### EXERCISE DETAILS
Give back exactly the line containing "Bordo, kırmızı ve" and all that follow it in the data below, with the pictures left out.

### COLLECTED DATA
● ● ● ●

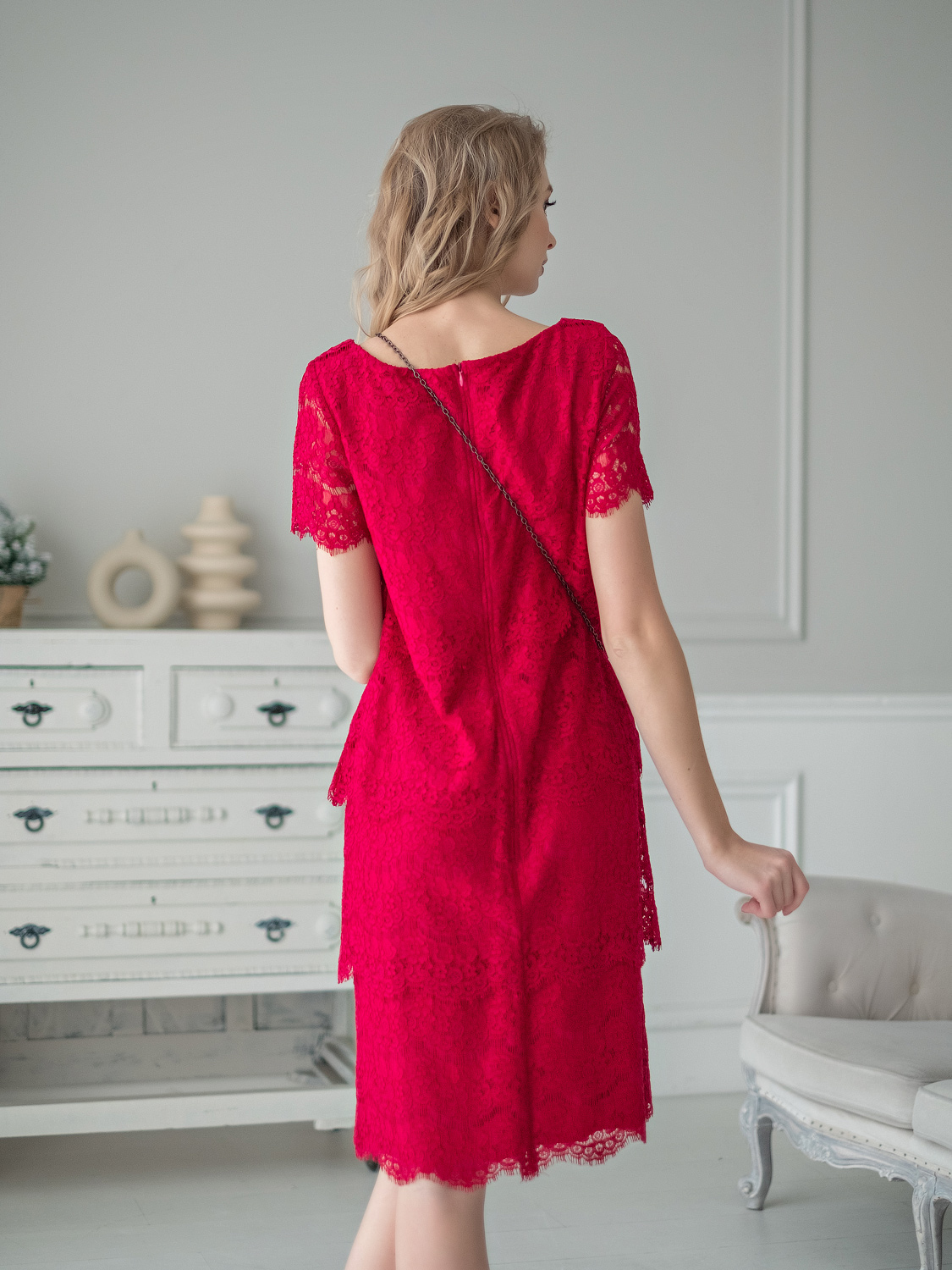 Ярко красное платье из кружева прямого кроя сгладит все недостатки фигуры и подчеркнет достоинства. Длина до середины колена, замок-молния на спинке платья, втачной рукав до середины плеча. Платье станет частью обворожительного вечернего образа.
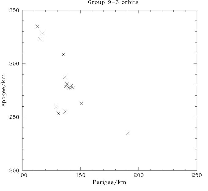 SupTLEs (orbital data from @CelesTrak  based on @SpaceX onboard Starlink ephemerides) shows the Group 9-3 satellites in orbits mostly around 130 x 280 km but some in only 115 x 322 km. One sat is in 190 x 235 km, possibly already orbit raising.
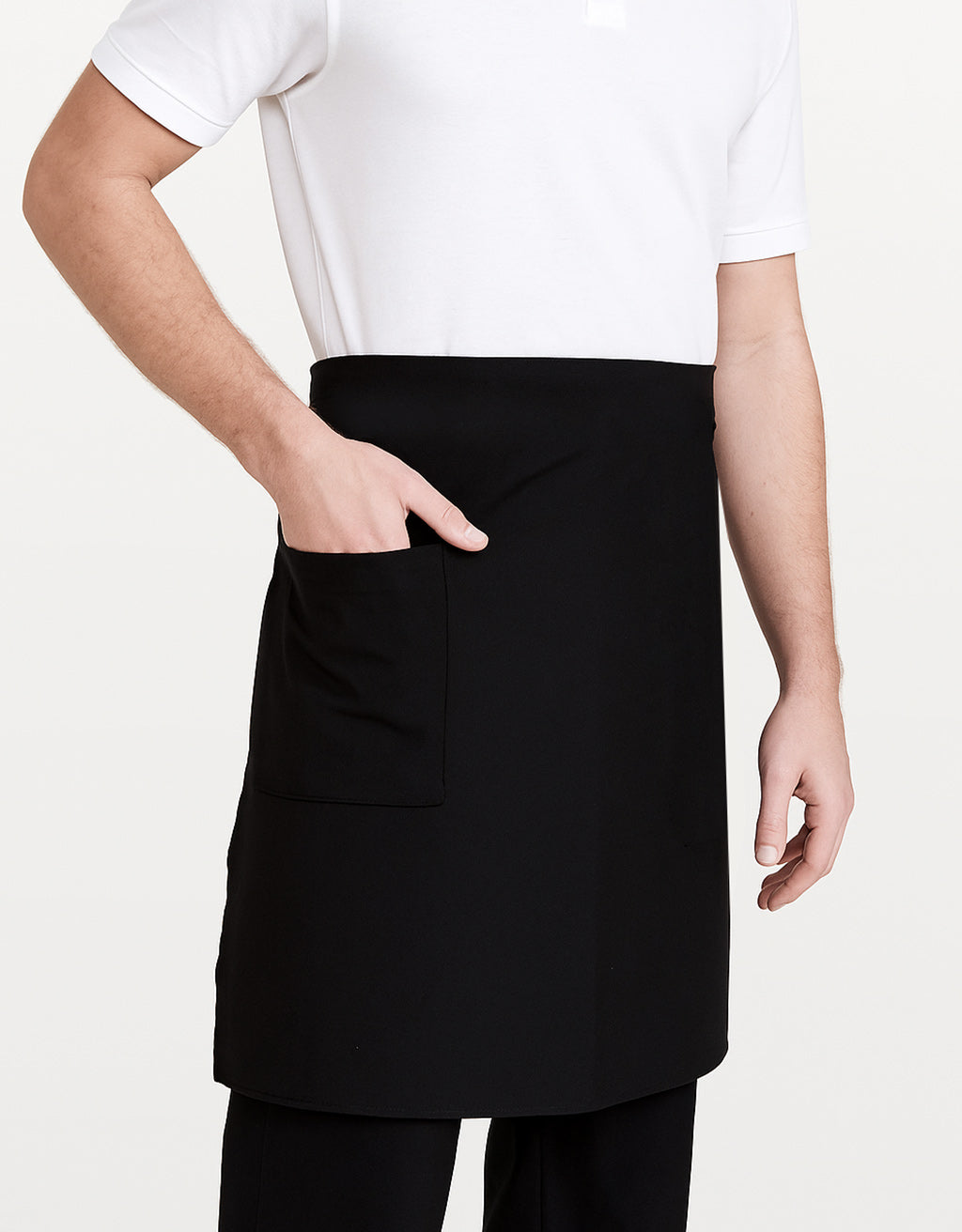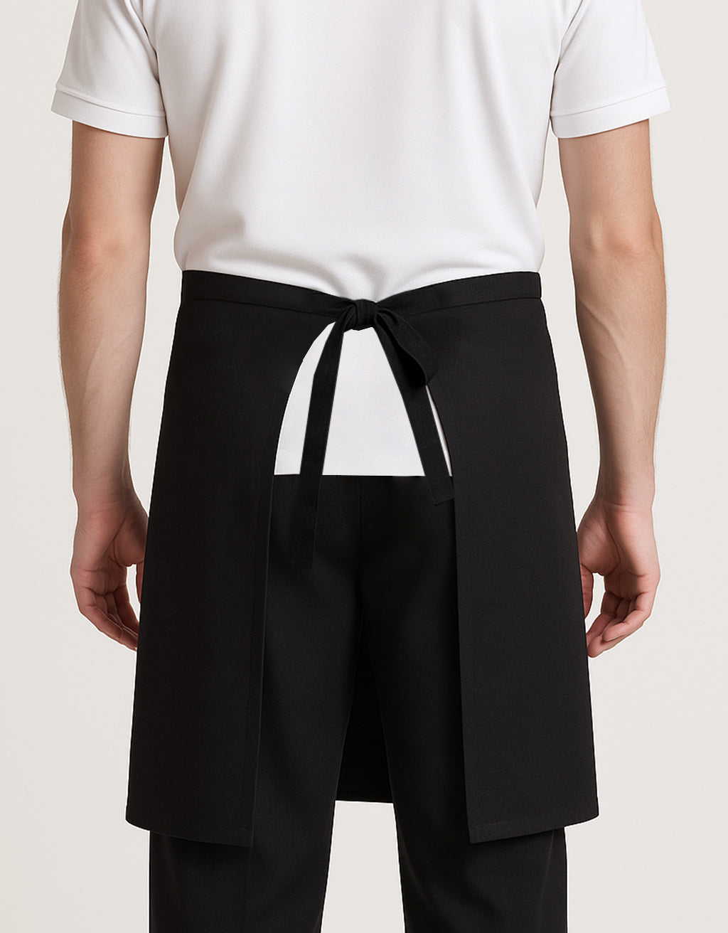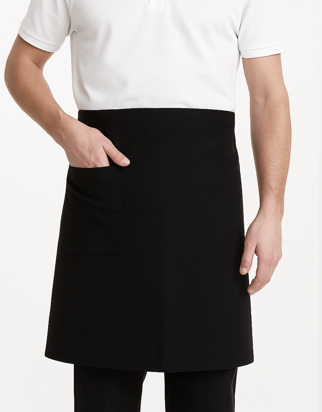 Bordo, kırmızı ve siyah renk seçenekleriyle üretilmiş belden bağlamalı cepli garson önlüğü, kafe, restoran, otel ve diğer hizmet sektörü mutfaklarında kullanılmak üzere tasarlanmıştır. Leke tutmaz, su geçirmez özelliklere sahip kumaşı sayesinde nemli bir bezle kolayca silinebilir, her zaman temiz ve şık bir görünüm sağlar.
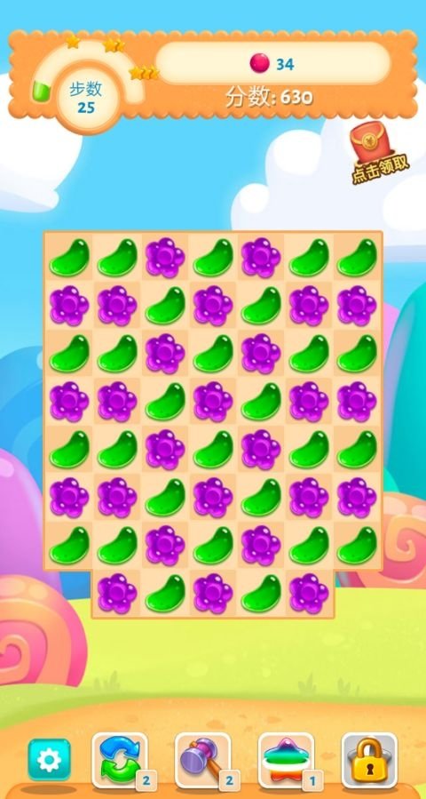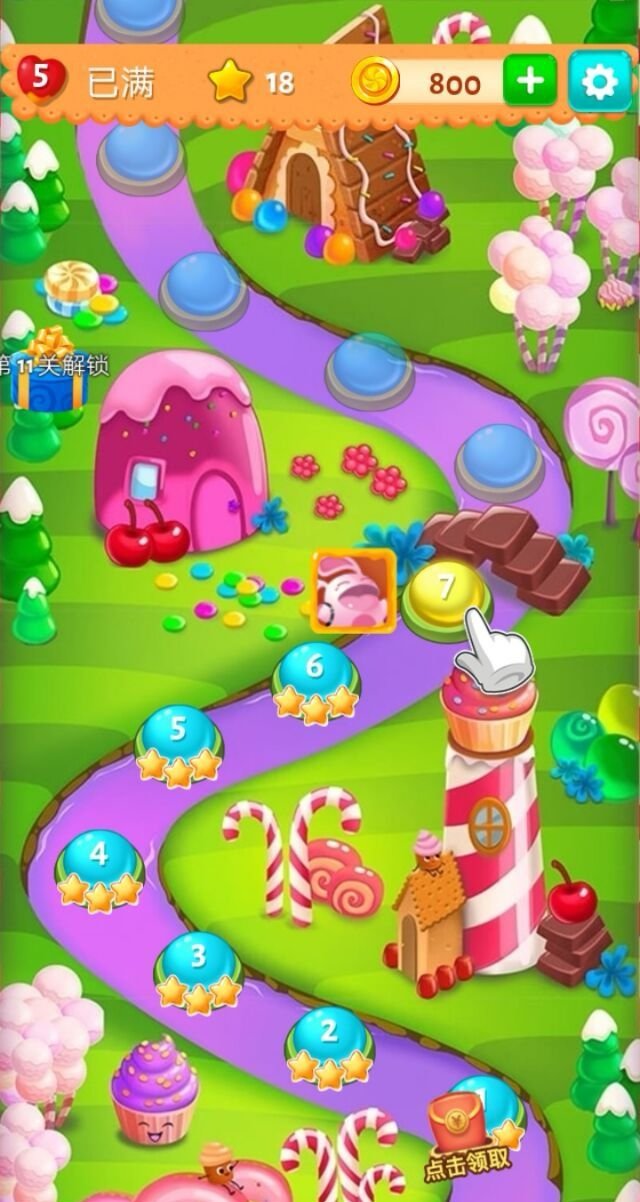 2、游戏有各种各样的关卡和挑战等待着玩家去解锁。玩家需要通过点击、移动或消除糖果等操作来完成任务,每个关卡都有不同的目标和难度,让玩家保持对游戏的兴趣和挑战性。

● ● ● ●

### RESULT OF THE EXERCISE
 Bordo, kırmızı ve siyah renk seçenekleriyle üretilmiş belden bağlamalı cepli garson önlüğü, kafe, restoran, otel ve diğer hizmet sektörü mutfaklarında kullanılmak üzere tasarlanmıştır. Leke tutmaz, su geçirmez özelliklere sahip kumaşı sayesinde nemli bir bezle kolayca silinebilir, her zaman temiz ve şık bir görünüm sağlar.
 2、游戏有各种各样的关卡和挑战等待着玩家去解锁。玩家需要通过点击、移动或消除糖果等操作来完成任务,每个关卡都有不同的目标和难度,让玩家保持对游戏的兴趣和挑战性。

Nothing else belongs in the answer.